Your goal
Only the lines from the one that includes "Indbo pakkes i flyttekasser." through the last line below belong in the reply, copied exactly and without pictures.

+++

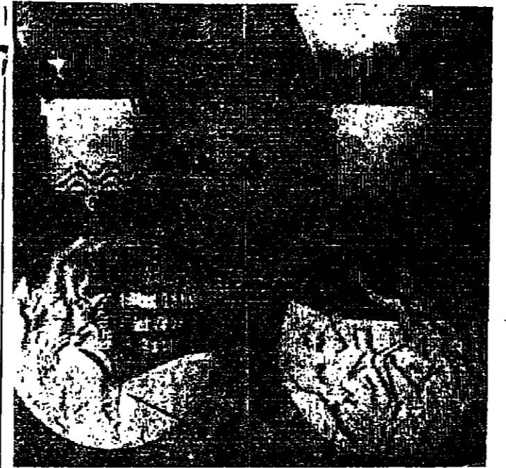
نولجان لوجهي المداينة الذهبية لاولياد المكسيك ١٩٦٨ الذي ينام في مدينة مكسيكو خلال الشهر القمام
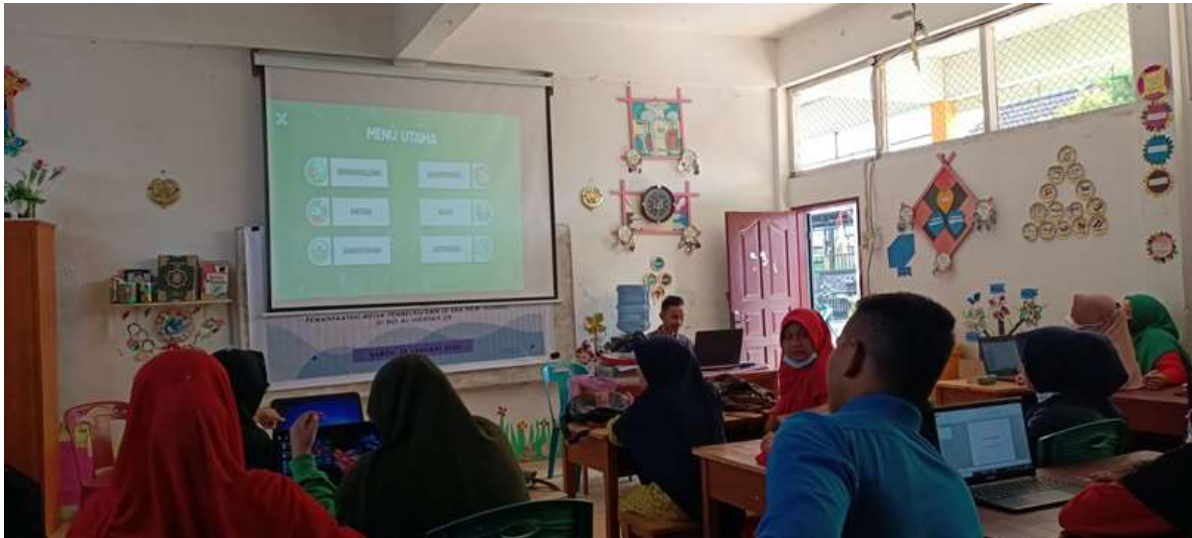
Gambar 3. Proses pelatihan

Pengabdian kepada masyarakat dengan tema pemanfaatan media pembelajaran di era new normal di MIS AL-HIDAYAH CK sebagai sarana terbilang cukup sukses untuk menyalurkan pengetahuan tentang penggunaan media pembelajaran tersebut, dimana seluruh peserta pengabdian kepada masyarakat dapat langsung menggunakan serta mempraktikkan materi yang disampaikan oleh tim, sehingga para peserta mudah memahami cara membuat media pembelajaran yang menarik didalam proses belajar mengajar.
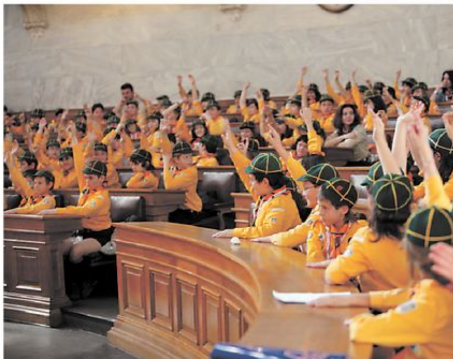
Πανελλάνια Συνάντηση Λυκόπουλων στην Αθήνα.

Τον Αύγουστο του 1963 οργανώνεται και πραγματοποιείται στο Μαραθώνα το 11ο Παγκόσμιο Προσκοπικό Τζάμπορν (Jamboree), με περισσότερους από 12.000 νέους απ' όλο τον Κόσμο. Την πρόσκληση προς όλα τα Εθνικά Σώματα Προσκόπων απύθυνε με μήνυμα του ο τότε Αρχιπρόσκοπος της Ελλάδος, Διάδοχος Κωνσταντίνος. Εξέχουσες προσωπικότητες σ' όλο τον Κόσμο θυμούνται ακόμα και σήμε-
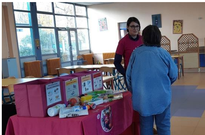
Jeu du Tri, PikPik Environnement, 2019

En mettant en scène des objets à placer dans les « bonnes poubelles », vous pourrez proposer des cas pratiques pour faire (re)découvrir les consignes en vigueur, et lever les doutes existant sur certains objets du quotidien. De plus, vous pouvez étendre votre champ à d'autres types de déchets : textile, piles, déchets électriques et électroniques, déchets alimentaires, etc... Plus efficace qu'un long discours !
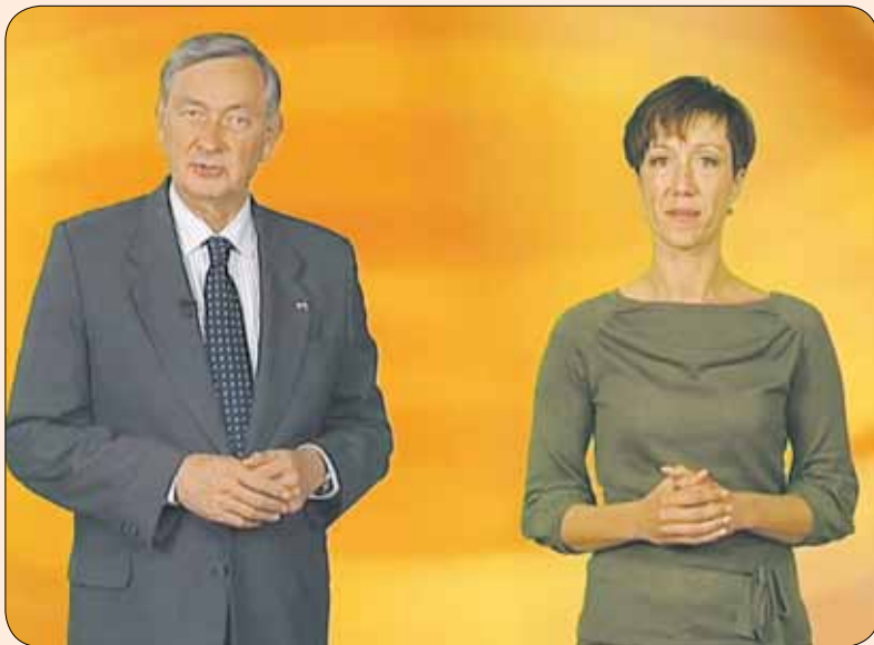
Dr. Danilo Türk

Svetovna federacija gluhih je že pred več kot šestdesetimi leti, ko je razglasila mednarodni dan gluhih, opozorila na pomen socialne integracije in možnosti za popolno informiranje gluhih kot osnovnih pogojev za aktivno vključevanje gluhih in naglušnih v življenje in delo. Ta izhodišča so bila kasneje večkrat zapisana v različnih dokumentih Organizacije združenih narodov in še posebej v Konvenciji o pravicah invalidov. Ponovljena so bila tudi v našem Zakonu o izenačevanju možnosti invalidov.
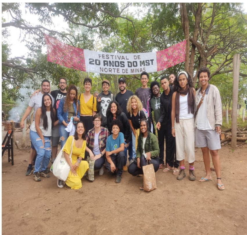
Figura 01:UFVJM no Festival de 20 anos do MST — Assentamento Estrela do Norte, Montes Claros (MG).

Um dos principais movimentos do país, chegou ao Vale em 1988 e atua com famílias camponesas na luta pela reforma agrária. A presença e atuação do MST no Vale do Jequitinhonha se entrelaçam com uma memória histórica rica e diversa, que envolve não apenas os trabalhadores rurais sem terra, mas também povos indígenas, comunidades quilombolas e grupos camponeses que lutam por justiça social e dignidade no campo (Santos, 2024)
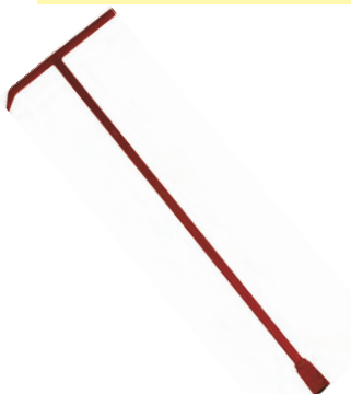
Vatech T-nøgle. Vatech nr. 145363.0xx
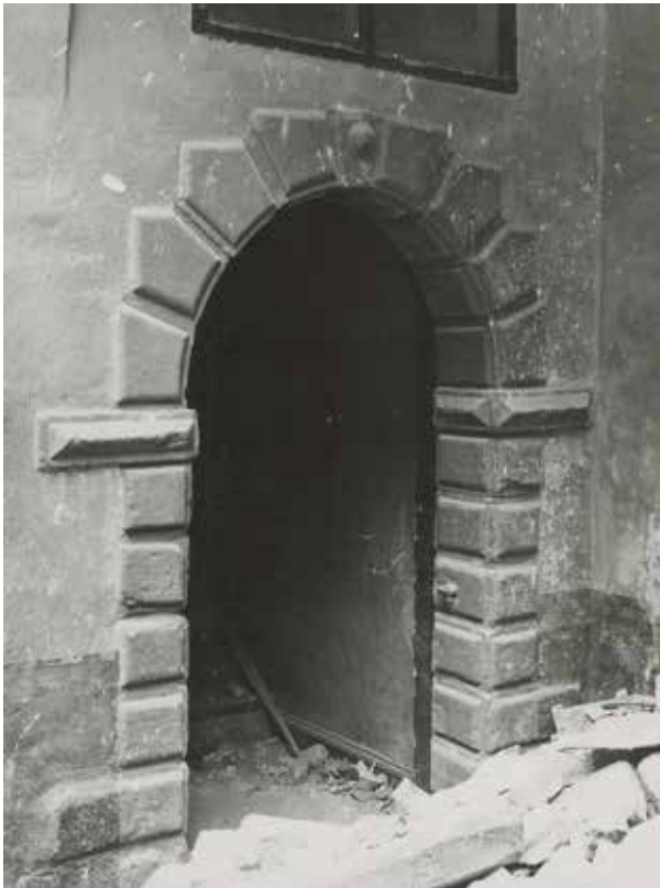
PORTAL MOT GÅRDEN I DEN RIVNA BEBYGGELSEN, VILKEN INSPIRERAT UTFORMNINGEN AV PORTALERNA VID NORRA DRYCKESGRÄND. OKÄND FOTOGRAF ÅR 1939. SSM:S ARKIV F 22266.

Vid 1800-talets senare del och under tidigt 1900-tal fick många byggnader fasader med tidstypiska dekorer i stuck eller puts och bottenvåningarna gjordes ofta om till butiksfasader med stora skyltfönster.
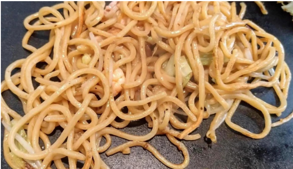
鶴橋風月 桜井店 動画
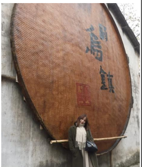
上海交通大學交流-參訪烏鎮
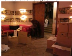
Indbo pakkes i flyttekasser.
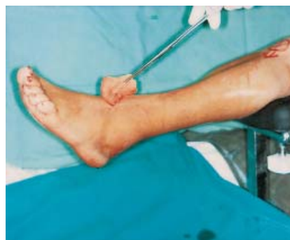
Abb. 3 Beinhalter im Einsatz zur präoperativen Desinfektion des OP-Gebietes am Fuß bis mittleren Unterschenkel.
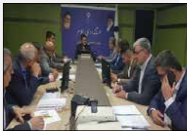
مدیر کل تعاون روستایی ایلام:

+++

Solution to this problem
Indbo pakkes i flyttekasser.
Abb. 3 Beinhalter im Einsatz zur präoperativen Desinfektion des OP-Gebietes am Fuß bis mittleren Unterschenkel.
مدیر کل تعاون روستایی ایلام:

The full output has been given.